In your copy of the listing below, reproduce each word exactly and include no pictures.

═════ Source information ═════

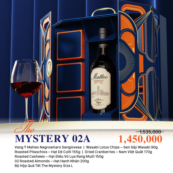 qua-tet-2025 (1)Combo này khởi đầu với chai Vang Ý Matteo Negroamaro Sangiovese, một loại vang đỏ nổi tiếng, mang đến hương vị phong phú, ngọt ngào từ những trái nho chín mọng. Bên cạnh đó, những hạt điều vỏ lụa rang muối 150g sẽ là món ăn vặt tuyệt vời, giòn tan và đậm đà. Thêm vào đó, những miếng Sen sấy Wasabi 90g mang đến một hương vị độc đáo, cay nồng, chắc chắn sẽ làm hài lòng những tín đồ yêu thích sự mới lạ.
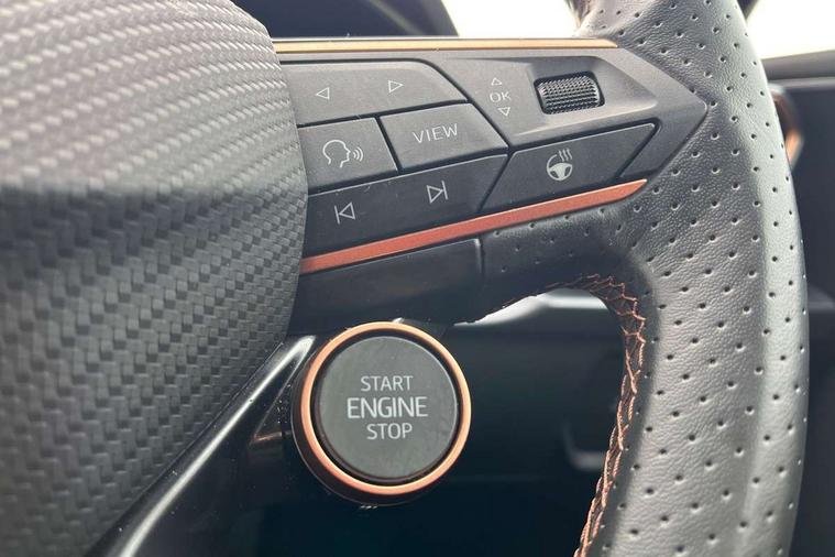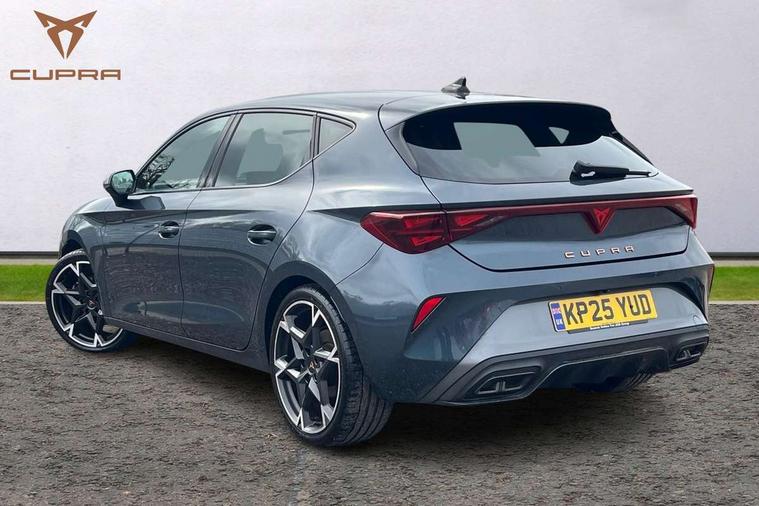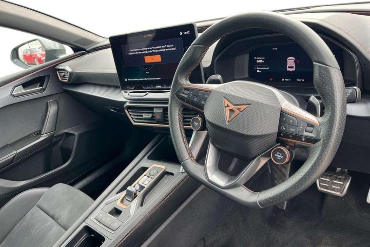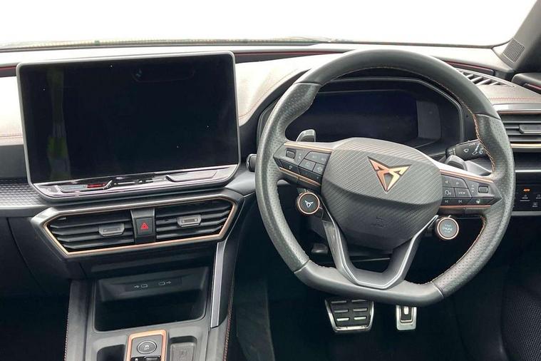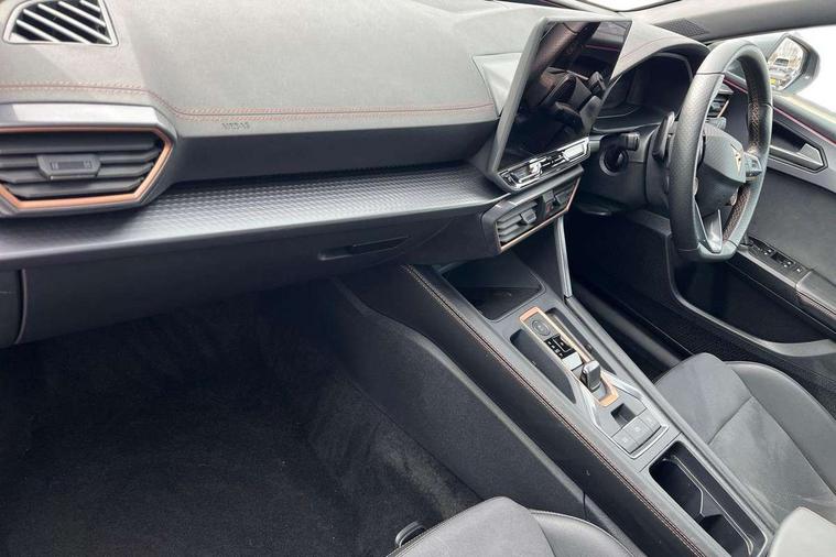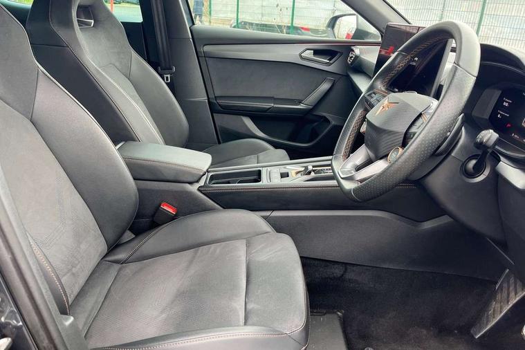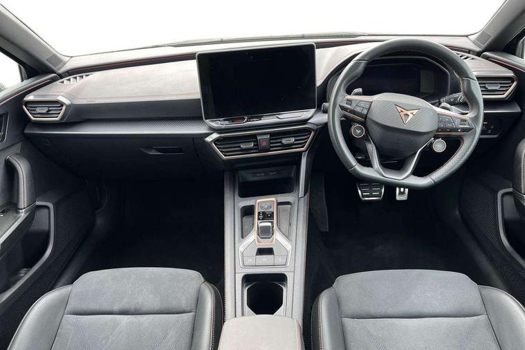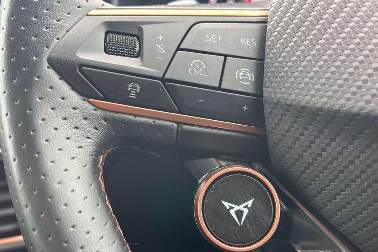 Adaptive cruise control with follow-to-stop and speed limiter, CUPRA drive profile selection with (Comfort/Sport/Individual), throttle response and gearshift mode, Digital cockpit, Dynamic road sign display, E-call, Front and rear parking sensors, Front assist with forward collision warning braking reaction to vehicles, pedestrians and cyclists, Full link smartphone integration with Mirror Link, wireless Apple CarPlay and wired Google Android Auto, Lane assist, Lockable tailgate, Rear view camera, RPM, trip computer, outside temp gauge, instrument light brightness, low fuel warning light, lights on reminder, gearshift indicator, Service interval indicator, Start/stop system with regenerative braking, Wireless phone charger, Auxiliary input socket, Auto dimming rear view mirror, Body colour door handles, Body coloured bumpers, Cupra sports bumpers, Dark tinted rear windows, Electric front/rear windows, Electrically adjustable, heated and folding door mirrors, High beam assist, LED front fog lamps with cornering function, LED headlights with dynamic turn signals, tail lights, rear fog lights with rear coast to coast lighting, LED rear fog lamp, Rain sensing wipers, Rear side wing doors, Rear wash/wipe, Separate daytime running light with automatic headlight control and coming home feature, Third brake light, Welcome light with logo projector in door mirrors, 12v power supply in centre console, 3 seat bench in 2nd row, 5 headrests, 60/40 split rear bench seat with armrest, Ambient lighting (glovebox, footwell, ambient lighting multicoloured), Black headlining, Cupra sports pedals, CUPRA Supersports, heated steering wheel with satellite buttons, Dinamica cloth upholstery, Electrically adjustable driver seat and lumbar support with memory function + manually adjustable passenger seat, Folding boot cover, Four x USB Type C ports (2 in front and 2 in rear), Front and rear reading lights X 4, Front centre armrest, Heated front seats, Height/reach adjust steering wheel, Illuminated interior front door sills, Interior wraparound lighting, ISOFIX points in outer rear seats with top tether anchorage points, Single front passenger seat, Storage pockets on rear of front seats, Sunvisors with illuminated mirror, Three zone climate control, Dynamic and comfort pack - Leon Cupra, Media system plus with 12.9" display + navigation pack - Leon Cupra, 3 point seatbelts on all rear seats, ABS, Brake control system - ESC and brake booster, Child proof door locks, Cupra black brake calipers, Driver and front passenger airbags with front passenger airbag de-activation, front side and curtain airbags, Electronic parking brake, Hill hold control, Rear disc brakes, Seat belt reminder for front and rear seats, Tiredness recognition system, Tyre pressure monitoring system, Anti theft alarm system with interior monitoring in cab, backup horn and towing protection, KESSY Advanced - Keyless start, keyless entry, Locking wheel bolts, Chrome and copper interior detailing, 19" Polar machined sport black and silver alloy wheel with 91Y tyres, Tool kit,
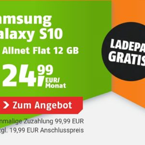 Klarmobil Allnet Vertrag im D-Netz mit 12GB und das Samsung Galaxy S10 mit einer einmaligen Zuzahlung von 99,99€.
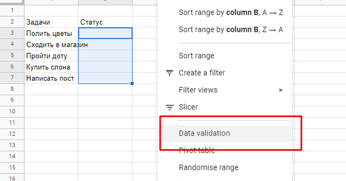 Как сделать выпадающее меню в гугл таблице?
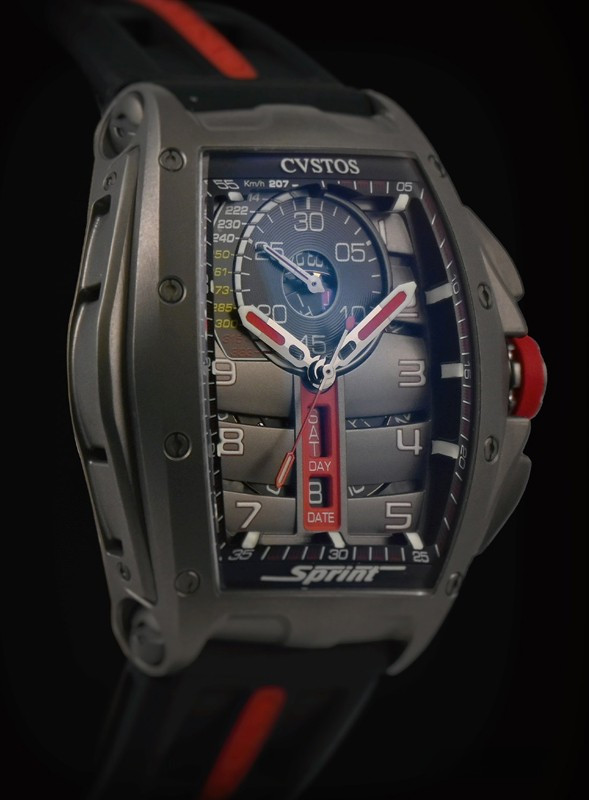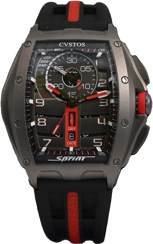 Часы Cvstos Challenge Chrono Sprint представлены в корпусе из титана размером 53.7 x 41 мм водонепроницаемостью 100 метров. Внутри корпуса установлен автоматический механизм, Калибр CVS556 SPRT, обладающий запасом хода 48 часов. На черном циферблате отображаются часы, минуты, секунды, дата, день недели. Часы поставляются на каучуковом ремешке с титановой застежкой. Серия огрничена - 30 шт.
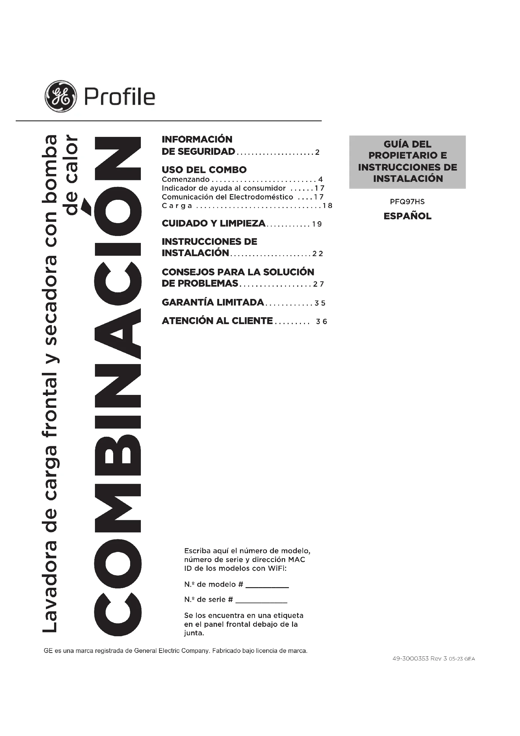 Burlington, ON L7L 6C7 electromenagersge.ca/contactez-nous ou composer le 877.994.5366GUÍA DEL PROPIETARIO E INSTRUCCIONES DE INSTALACIÓN GE es una marca registrada de General Electric Company. Fabricado bajo licencia de marca. ESPAÑOL PFQ97HS 49-3000353 Rev 3 05-23 GEA COMBINACIÓN Lavadora de carga frontal y secadora con bomba de calor Escriba aquí el número de modelo, número de serie y dirección MAC ID de los modelos con WiFi: N.º de modelo # __________ N.º de serie # ____________ Se los encuentra en una etiqueta en el panel frontal debajo de la junta. INFORMACIÓN DE SEGURIDAD .....................2
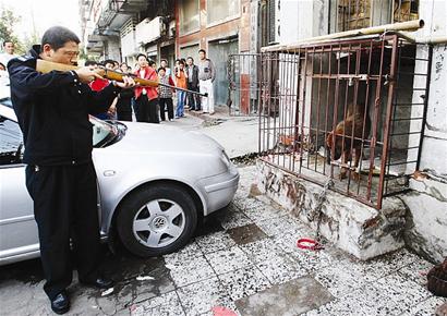 12日下午,武漢硚口區(qū)崇仁路一理發(fā)店老板圈養(yǎng)的一條藏獒,逃出鐵籠咬傷3人。因擔(dān)心該藏獒再次逃出傷人,民警開(kāi)槍將其擊斃。
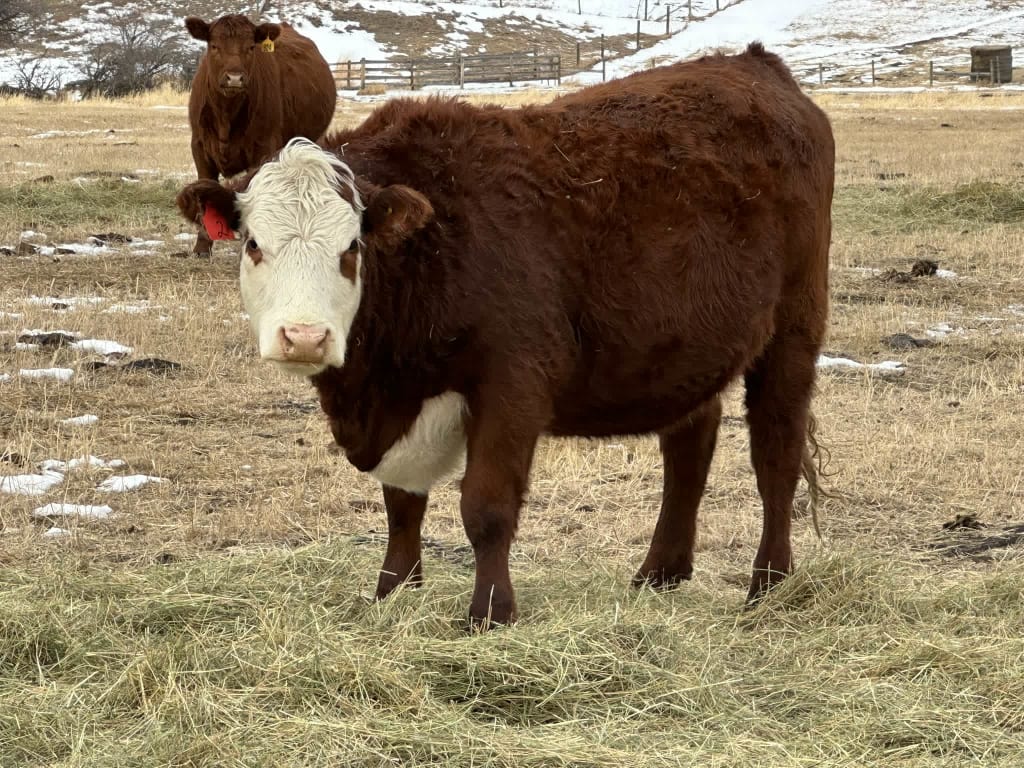 Summary | PETER & WENDY THOMPSON 10 Excellent RNK Hfrs Bred to easy calving, low birth wt Benchmark Angus Bulls. Bull in June 2nd. Out July 28th Full Herd Health Program; Cattlemaster Gold FP5. 8way & Ivomec Note: All Hfrs were palpated prior to breeding and fed grass, hay, and pellets |
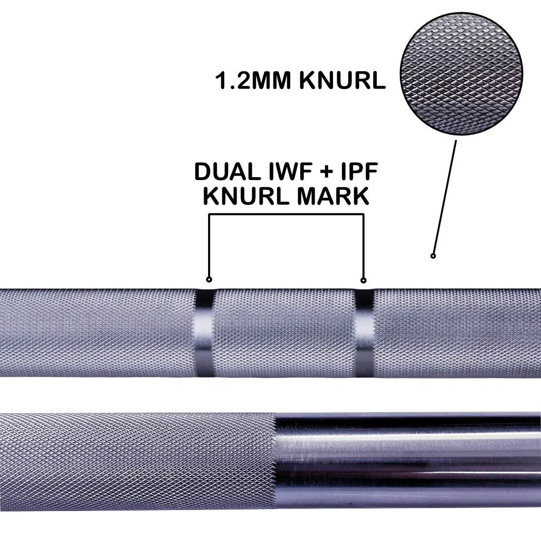 • Dual International Weightlifting + Powerlifting Knurl Marks
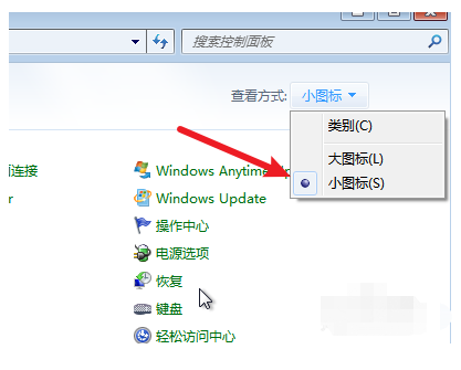 2、在控制面板页面,点击右上角的查看方式,将其设置为小图标。
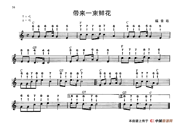 带来一束鲜花口琴谱(布鲁斯),带来一束鲜花简谱"
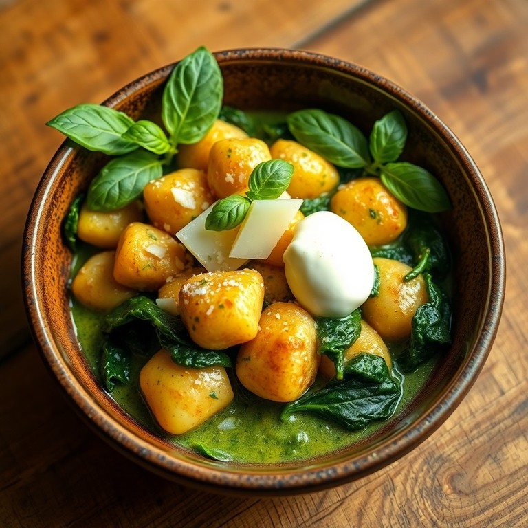 Gebakken Gnocchi met Pesto-Room, Spinazie en Burrata

═════

Answer area -
 qua-tet-2025 (1)Combo này khởi đầu với chai Vang Ý Matteo Negroamaro Sangiovese, một loại vang đỏ nổi tiếng, mang đến hương vị phong phú, ngọt ngào từ những trái nho chín mọng. Bên cạnh đó, những hạt điều vỏ lụa rang muối 150g sẽ là món ăn vặt tuyệt vời, giòn tan và đậm đà. Thêm vào đó, những miếng Sen sấy Wasabi 90g mang đến một hương vị độc đáo, cay nồng, chắc chắn sẽ làm hài lòng những tín đồ yêu thích sự mới lạ.
 Adaptive cruise control with follow-to-stop and speed limiter, CUPRA drive profile selection with (Comfort/Sport/Individual), throttle response and gearshift mode, Digital cockpit, Dynamic road sign display, E-call, Front and rear parking sensors, Front assist with forward collision warning braking reaction to vehicles, pedestrians and cyclists, Full link smartphone integration with Mirror Link, wireless Apple CarPlay and wired Google Android Auto, Lane assist, Lockable tailgate, Rear view camera, RPM, trip computer, outside temp gauge, instrument light brightness, low fuel warning light, lights on reminder, gearshift indicator, Service interval indicator, Start/stop system with regenerative braking, Wireless phone charger, Auxiliary input socket, Auto dimming rear view mirror, Body colour door handles, Body coloured bumpers, Cupra sports bumpers, Dark tinted rear windows, Electric front/rear windows, Electrically adjustable, heated and folding door mirrors, High beam assist, LED front fog lamps with cornering function, LED headlights with dynamic turn signals, tail lights, rear fog lights with rear coast to coast lighting, LED rear fog lamp, Rain sensing wipers, Rear side wing doors, Rear wash/wipe, Separate daytime running light with automatic headlight control and coming home feature, Third brake light, Welcome light with logo projector in door mirrors, 12v power supply in centre console, 3 seat bench in 2nd row, 5 headrests, 60/40 split rear bench seat with armrest, Ambient lighting (glovebox, footwell, ambient lighting multicoloured), Black headlining, Cupra sports pedals, CUPRA Supersports, heated steering wheel with satellite buttons, Dinamica cloth upholstery, Electrically adjustable driver seat and lumbar support with memory function + manually adjustable passenger seat, Folding boot cover, Four x USB Type C ports (2 in front and 2 in rear), Front and rear reading lights X 4, Front centre armrest, Heated front seats, Height/reach adjust steering wheel, Illuminated interior front door sills, Interior wraparound lighting, ISOFIX points in outer rear seats with top tether anchorage points, Single front passenger seat, Storage pockets on rear of front seats, Sunvisors with illuminated mirror, Three zone climate control, Dynamic and comfort pack - Leon Cupra, Media system plus with 12.9" display + navigation pack - Leon Cupra, 3 point seatbelts on all rear seats, ABS, Brake control system - ESC and brake booster, Child proof door locks, Cupra black brake calipers, Driver and front passenger airbags with front passenger airbag de-activation, front side and curtain airbags, Electronic parking brake, Hill hold control, Rear disc brakes, Seat belt reminder for front and rear seats, Tiredness recognition system, Tyre pressure monitoring system, Anti theft alarm system with interior monitoring in cab, backup horn and towing protection, KESSY Advanced - Keyless start, keyless entry, Locking wheel bolts, Chrome and copper interior detailing, 19" Polar machined sport black and silver alloy wheel with 91Y tyres, Tool kit,
 Klarmobil Allnet Vertrag im D-Netz mit 12GB und das Samsung Galaxy S10 mit einer einmaligen Zuzahlung von 99,99€.
 Как сделать выпадающее меню в гугл таблице?
 Часы Cvstos Challenge Chrono Sprint представлены в корпусе из титана размером 53.7 x 41 мм водонепроницаемостью 100 метров. Внутри корпуса установлен автоматический механизм, Калибр CVS556 SPRT, обладающий запасом хода 48 часов. На черном циферблате отображаются часы, минуты, секунды, дата, день недели. Часы поставляются на каучуковом ремешке с титановой застежкой. Серия огрничена - 30 шт.
 Burlington, ON L7L 6C7 electromenagersge.ca/contactez-nous ou composer le 877.994.5366GUÍA DEL PROPIETARIO E INSTRUCCIONES DE INSTALACIÓN GE es una marca registrada de General Electric Company. Fabricado bajo licencia de marca. ESPAÑOL PFQ97HS 49-3000353 Rev 3 05-23 GEA COMBINACIÓN Lavadora de carga frontal y secadora con bomba de calor Escriba aquí el número de modelo, número de serie y dirección MAC ID de los modelos con WiFi: N.º de modelo # __________ N.º de serie # ____________ Se los encuentra en una etiqueta en el panel frontal debajo de la junta. INFORMACIÓN DE SEGURIDAD .....................2
 12日下午,武漢硚口區(qū)崇仁路一理發(fā)店老板圈養(yǎng)的一條藏獒,逃出鐵籠咬傷3人。因擔(dān)心該藏獒再次逃出傷人,民警開(kāi)槍將其擊斃。
 Summary | PETER & WENDY THOMPSON 10 Excellent RNK Hfrs Bred to easy calving, low birth wt Benchmark Angus Bulls. Bull in June 2nd. Out July 28th Full Herd Health Program; Cattlemaster Gold FP5. 8way & Ivomec Note: All Hfrs were palpated prior to breeding and fed grass, hay, and pellets |
 • Dual International Weightlifting + Powerlifting Knurl Marks
 2、在控制面板页面,点击右上角的查看方式,将其设置为小图标。
 带来一束鲜花口琴谱(布鲁斯),带来一束鲜花简谱"
 Gebakken Gnocchi met Pesto-Room, Spinazie en Burrata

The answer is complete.